Singh et al. (2020) suggested DMSs by utilising several knowledge measures.

.:

Farhadinia (2020) suggested DMSs by utilising several knowledge measures.

.:

Farhadinia (2020) suggested DMSs by the use of knowledge measures looked at by Nguyen (2015).

.:

Farhadinia (2020) suggested DMSs by the use of knowledge measures looked at by Guo (2015).

In an intuitionistic fuzzy environment, we provide Table 12 to contrast the outcomes of different techniques with those of the suggested methodology.
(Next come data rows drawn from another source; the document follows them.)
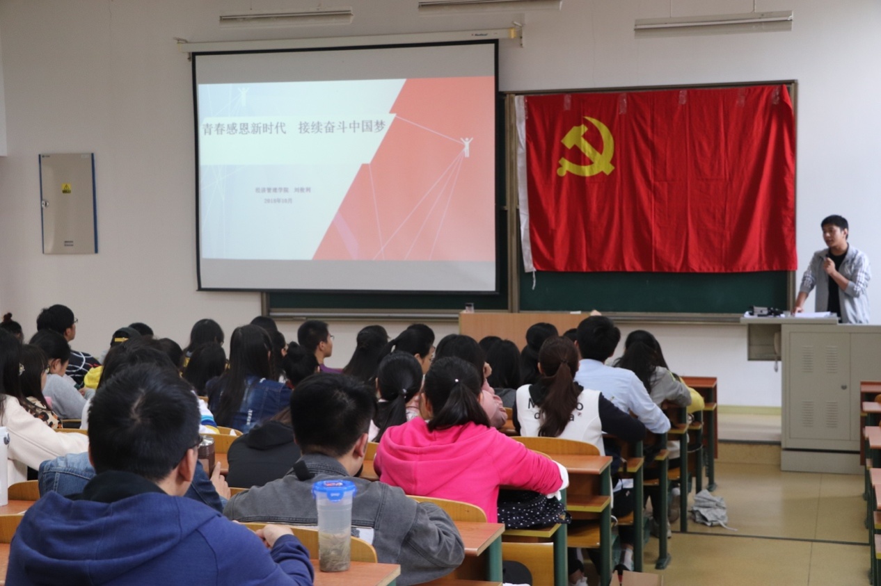 2018年10月23日下午1点,经济管理学院第26期入党积极分子培训班第二次授课在A 8—101教室正式展开。本次课程由经济管理学院刘俊利老师主讲,经济管理学院第26期全体入党积极分子参与。现场气氛严谨,同学们态度端正,学习认真。
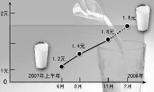 劉先生告訴記者,他家一直訂的衛崗天元奶,2007年上半年的時候還是1.2元一瓶,2007年8月份漲到了1.4元,11月又漲了2毛到1.6元,時隔2個月,又要從1.6元漲到1.8元,算起來,這半年里,連漲兩次,每次都漲2毛錢,漲幅已經遠遠超過10%!面對如此不斷的漲價,劉先生說自己得考慮是不是該少訂點了!
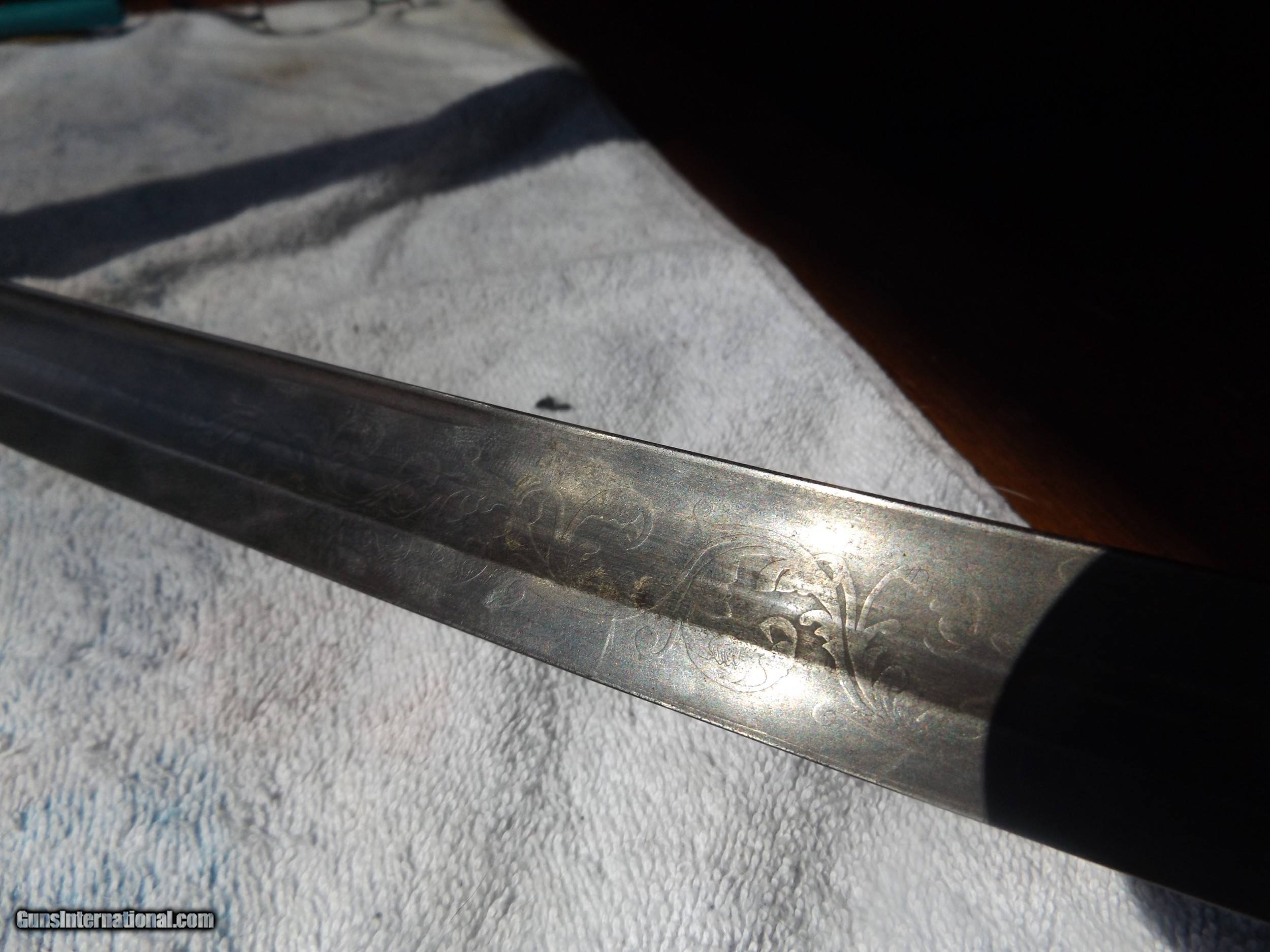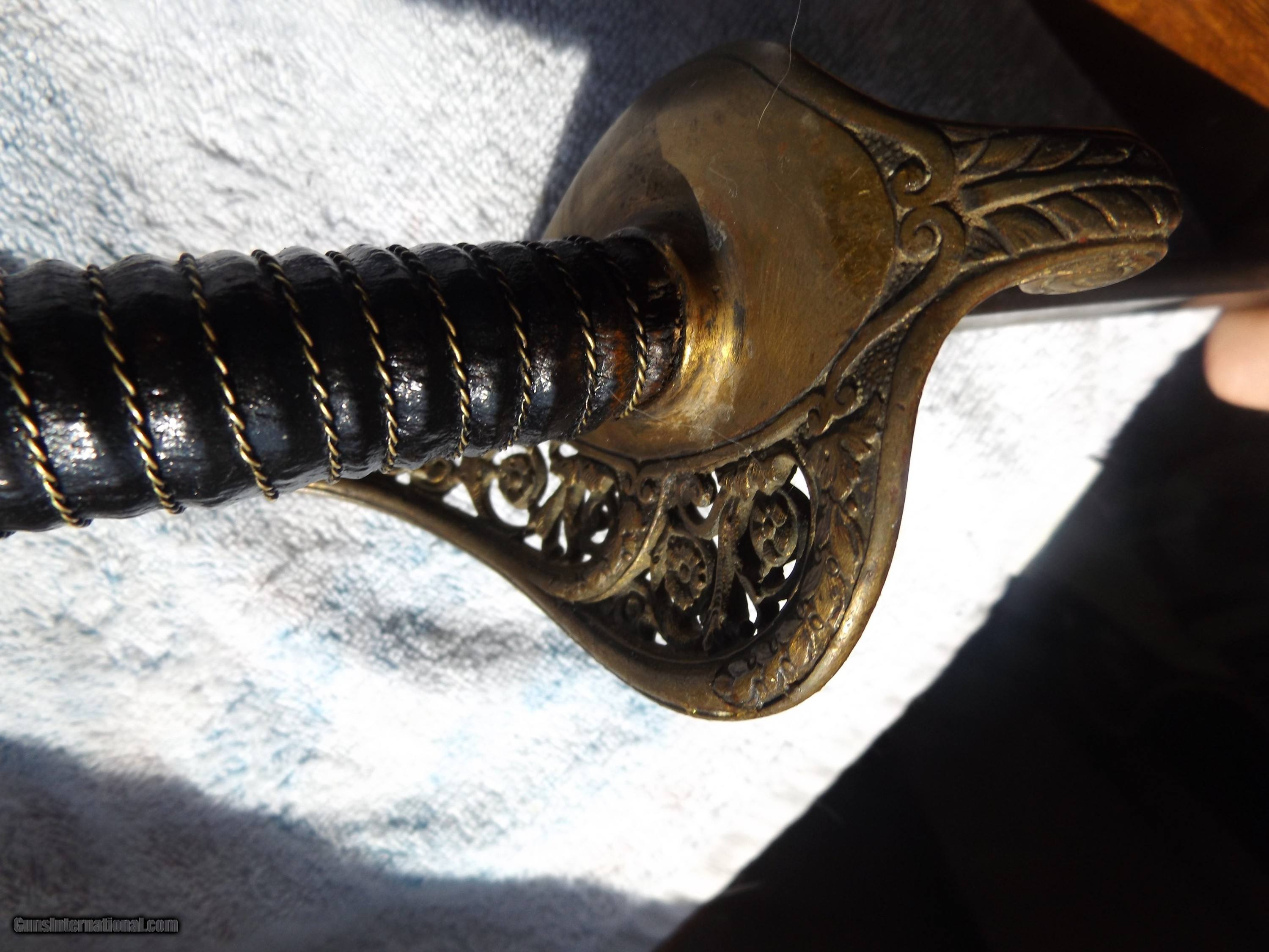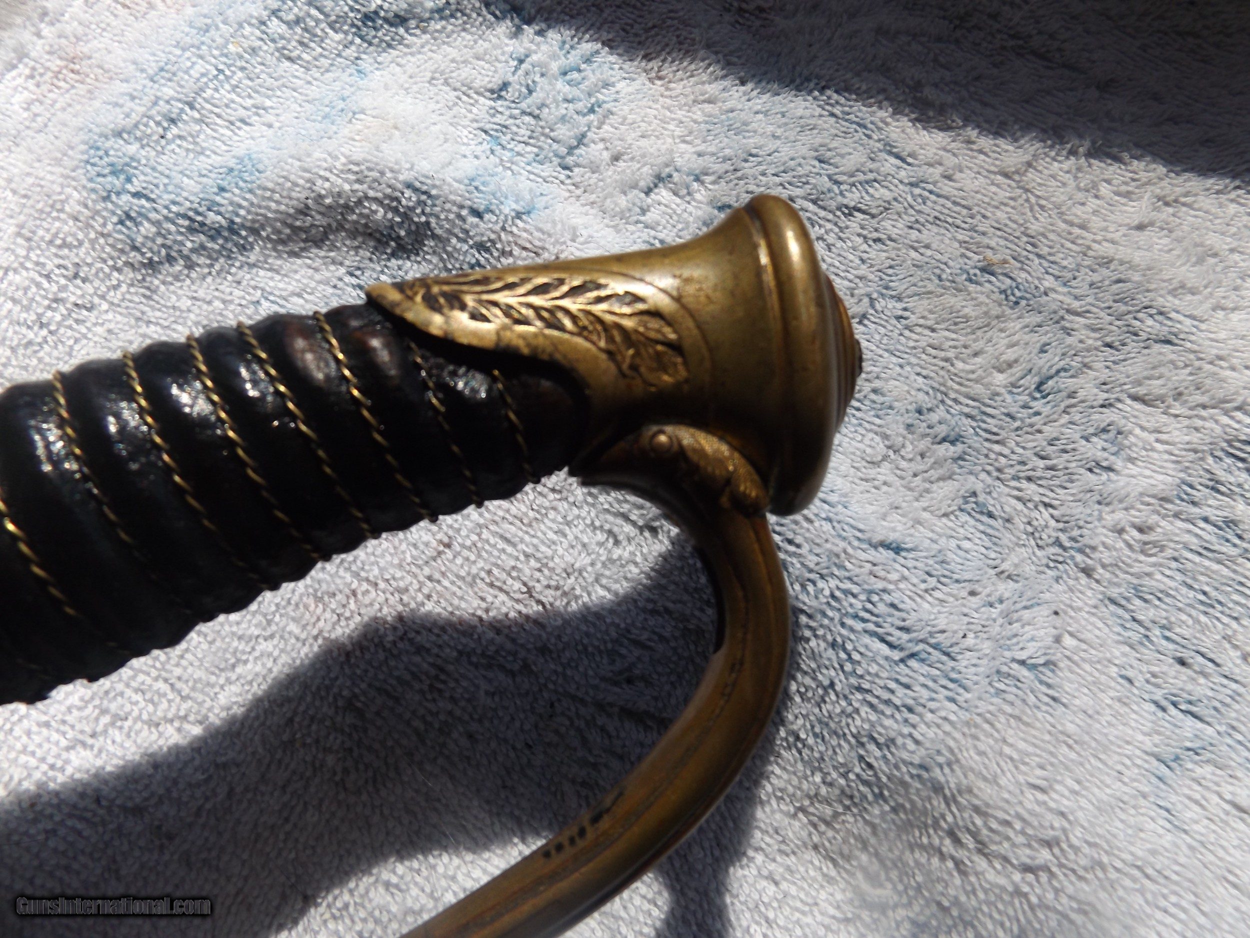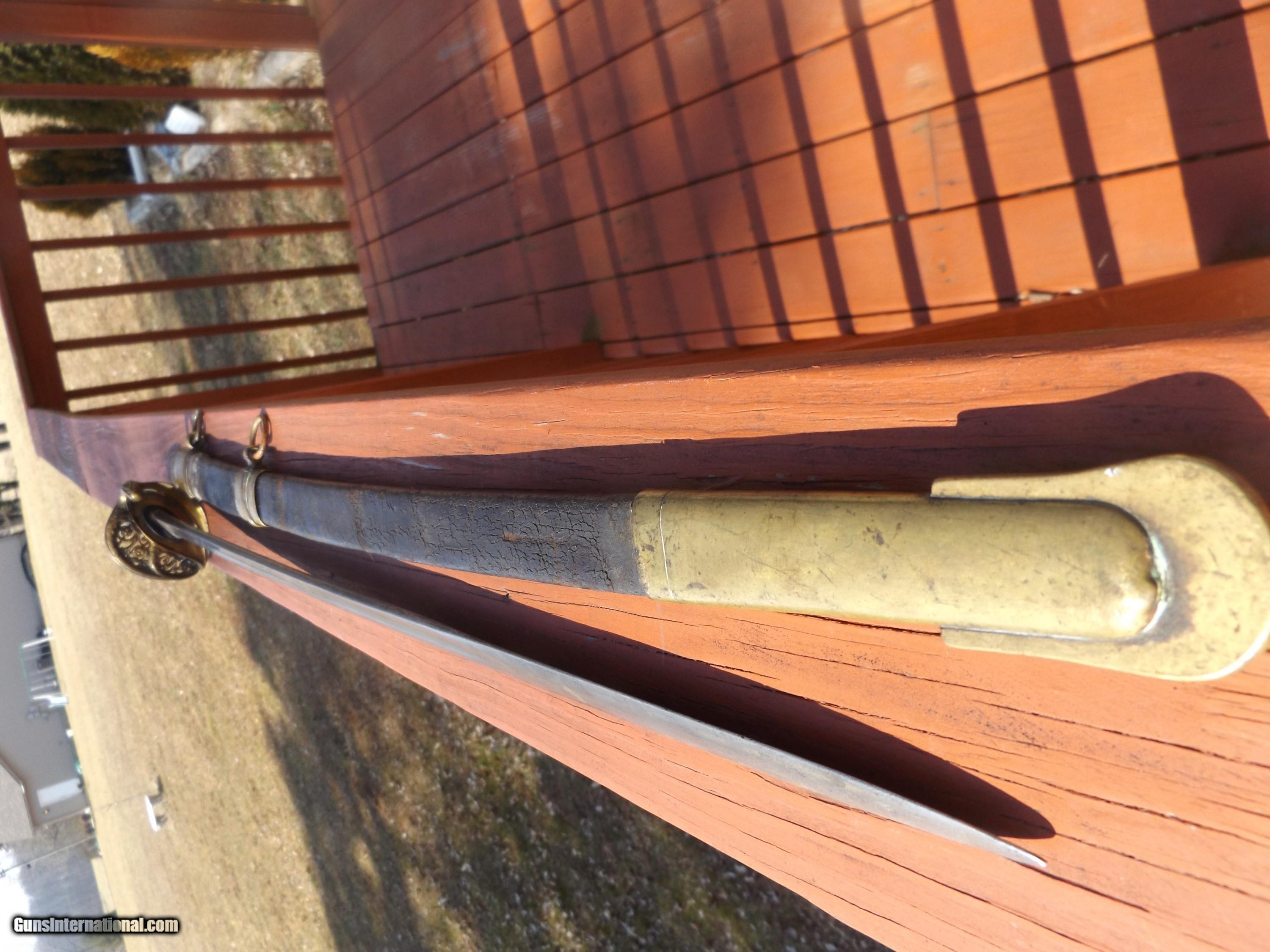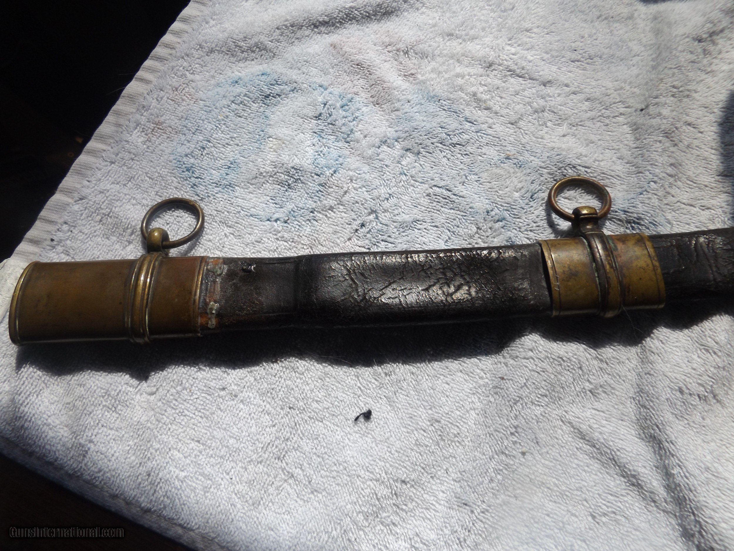 Description: This is an original model 1850 Foot Officers sword and leather scabbard. I think the scabbard is not an Ames scabbard as there are no stamps on the top of the throat. But it is a Period original. The sword retains all of the etching on the blade but some of it is weak. The blades ricasso is etched with Ames Mfg., Chicopee Mass.The U.S. is shown in the photos All of the Rayskin on the grip has worn away but the twisted brass wire is complete. The length of the blade has a few nicks that I show in the photo's Shipping is $20.00 and includes a tracking number. SOLD |
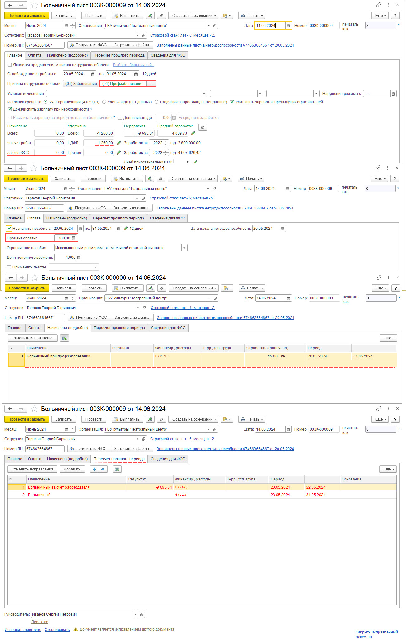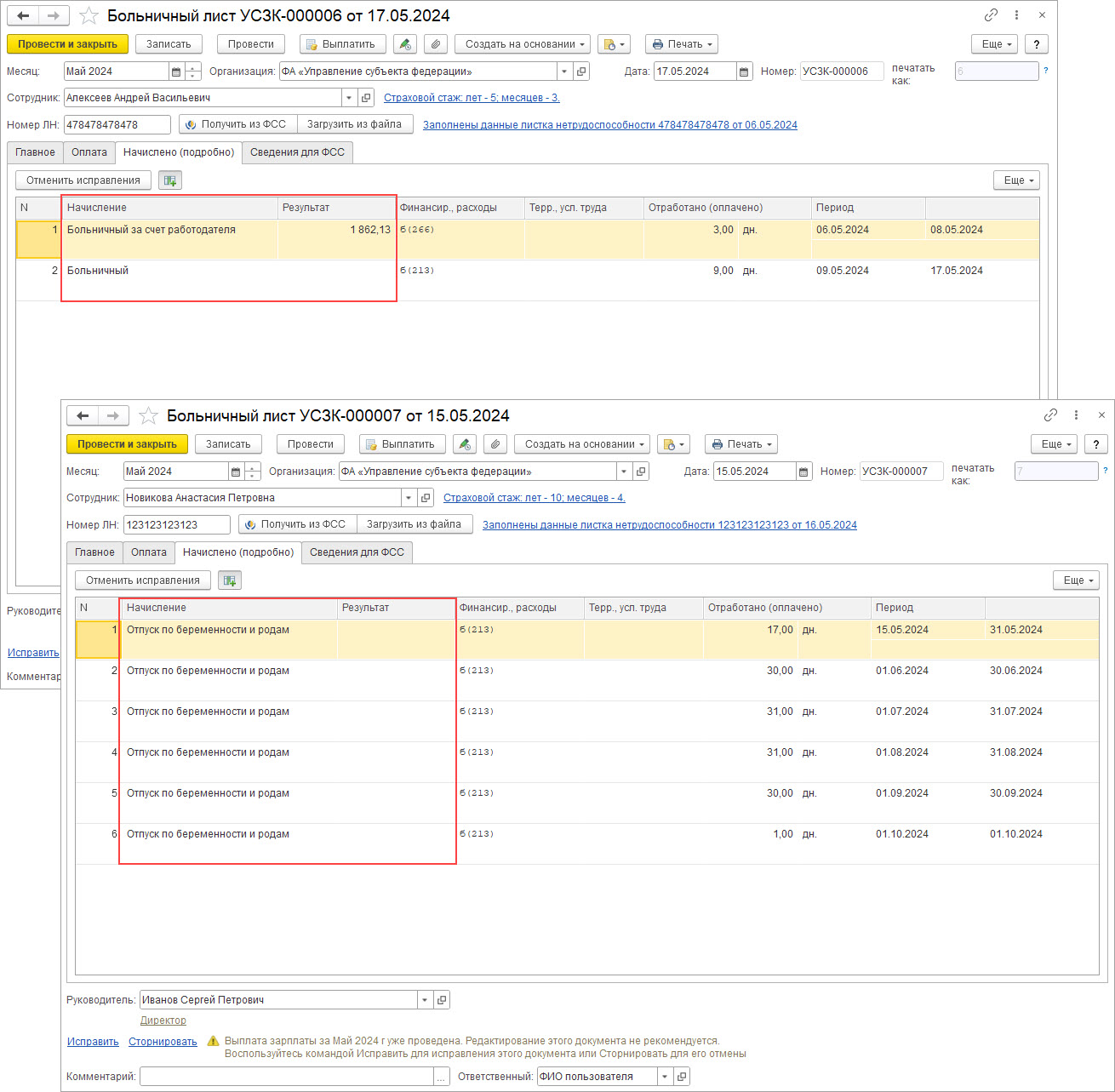 Если документом Больничный лист регистрируется отпуск по беременности и родам, то в документе пособие не рассчитывается, формируются строки с нулевым результатом расчета, т. к. пособие по беременности и родам выплачивается полностью за счет средств СФР. Подробнее о заполнении полей документа Больничный лист и расчете пособий по временной нетрудоспособности и по беременности и родам при различных условиях назначения смотрите в разделах Расчет пособия по временной нетрудоспособности, Расчет пособия по беременности и родам.
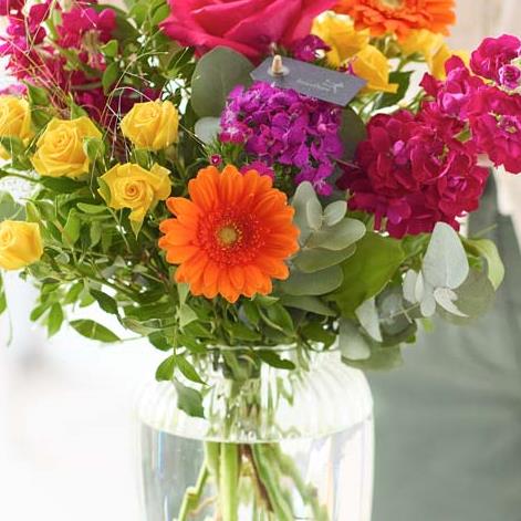 A vibrant mix of seasonal flowers arranged in a vase for instant display
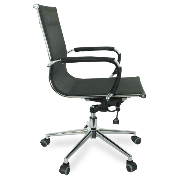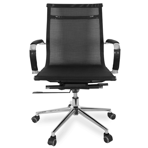 Механизм качания повышенной комфортности и фиксацией в вертикальном положении Регулировка высоты (газлифт) Каркас металлический хромированный Подлокотники хромированные с накладками Материал обивки: сетка ПВХ
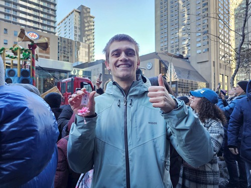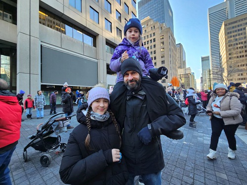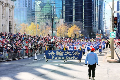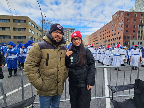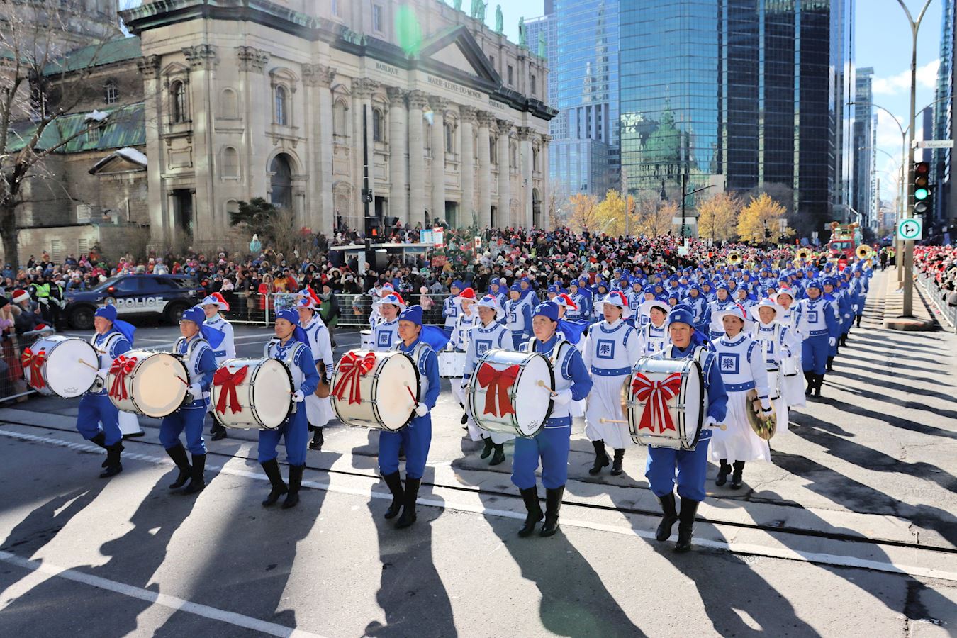 (Minghui.org) The Christmas Parade, the biggest celebration in Montreal, was held on November 22, 2025. The Tian Guo Marching Band participated in the popular annual event and was welcomed by spectators.
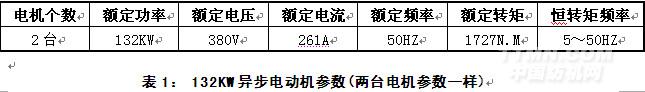 1、客戶提供的電機(jī)參數(shù)見表1。變頻器需控制兩臺132KW異步電機(jī)的同時(shí)啟停控制。給變頻器控制命令有:正轉(zhuǎn)啟動(dòng),反轉(zhuǎn)啟動(dòng),多段速指令,正轉(zhuǎn)點(diǎn)動(dòng),反轉(zhuǎn)點(diǎn)動(dòng),故障復(fù)位;
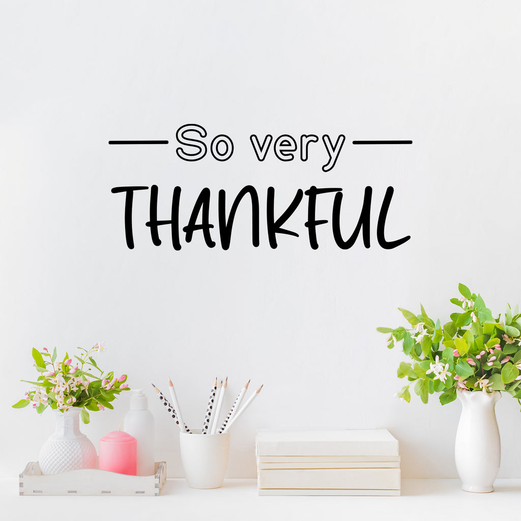 This optimistic & inspirational decal quote "So Very Thankful"; is the perfect touch for your home or office. Use it for your living room; playroom; dining room or anywhere you want to bring some extra cute decoration. It's a vinyl sticker that is easy to put on any smooth and dry surface. Our modern designs don't just brighten up the room; but brighten up the day. Using top of the line vinyl across all of our production allows us to be the leaders in quality and design.
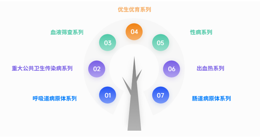 達安基因從事熒光定量PCR試劑盒研究已達34年之久,依托全國領先、全球一流的熒光定量PCR技術和產業化能力,研發生產熒光定量PCR試劑盒80多種,覆蓋呼吸道病原體系列、血液篩查系列等7大領域。

Table 12 Comparative table

The TOPSIS technique states that the finest option is the one that is most distant from the worst solution and most near the greatest respond. When contrasting the TOPSIS method with the VIKOR methodology, Opricovic and Tzeng (2004) said that it is not always the case that the alternative that is most similar to the greatest solution is also the option that is most dissimilar to the worst solution. Ye (2010) only considered the connections between alternative natives and the ideal alternative. Being close to the best answer could be helpful in certain circumstances, but not always since it could cause you to lose track of crucial facts. Because of this, Ye (2010) technique’s suggested output is not especially reliable. In light of the weighted intuitionistic fuzzy inaccuracy measure, Verma and Sharma (2014) devised a method to tackle MCDM problems in an environment where there is uncertainty. To address MCDM difficulties, Singh et al. (2020) suggested using three alternative KM. Farhadinia (2020) provided a method for resolving the MCDM issue by applying four different approaches. He also employs the methods put out by Nguyen (2015) and Guo (2015) to address the similar MCDM problem. The issue that is being presented offers six potential solutions, with the \(U_2\) option being the optimum solution according to all provided methodologies, as stated by Table 12. As a consequence, the proposed approach’s output may be trusted.

6 Conclusion

This work proposes and tests the validity of an AIF-exponential knowledge measure. The AIF-exponential knowledge measure proposed is demonstrated in this paper to be an effective method for addressing problems with organised linguistic variables, figuring out desired weights and ambiguity for two different AIF-sets. A comparison with many well-known AIF-information and knowledge measures is made to illustrate the efficacy of the recommended AIF-exponential knowledge measure. To assess the effectiveness of the suggested AIF-exponential knowledge measure, a trio of instances are given in the current paper. In an intuitionistic fuzzy environment, four new measures—accuracy measure, information measure, similarity measure, and dissimilarity measure—are also presented and verified. To find patterns, we employ the suggested AIF-exponential accuracy measures. Additionally, a pattern identification example is provided to illustrate how different measures stack up against the suggested accuracy measure. A modified VIKOR technique based on knowledge measures and similarity measures is offered to address MCDM difficulties, and it is discussed that the findings were rather positive. Its effectiveness is demonstrated with a numerical example and comparison. The suggested method shows tremendous potential because it can identify an alternative that nearly entirely meets all of the conditions. It also offers experts guidance on what aspects make a specific alternative less effective. Furthermore, the suggested methods make it clear why certain options are better than others from the viewpoint of decision-making. No more tedious calculations are needed in the proposed approach. The proposed approach is used to find the most preferable adsorbent for removing Cr(VI) from wastewater. The suggested method may be evaluated and applied for a variety of intuitionistic fuzzy circumstances and does not call for more difficult computations. Hesitant Fuzzy set; Interval-valued Intuitionistic Fuzzy set; Picture Fuzzy set; and Neutrosophic Fuzzy set are all covered by the proposed measure’s extension. The knowledge, accuracy, and similarity that are indicated can be used in a variety of contexts, such as feature identification, speech recognition, and picture thresholding.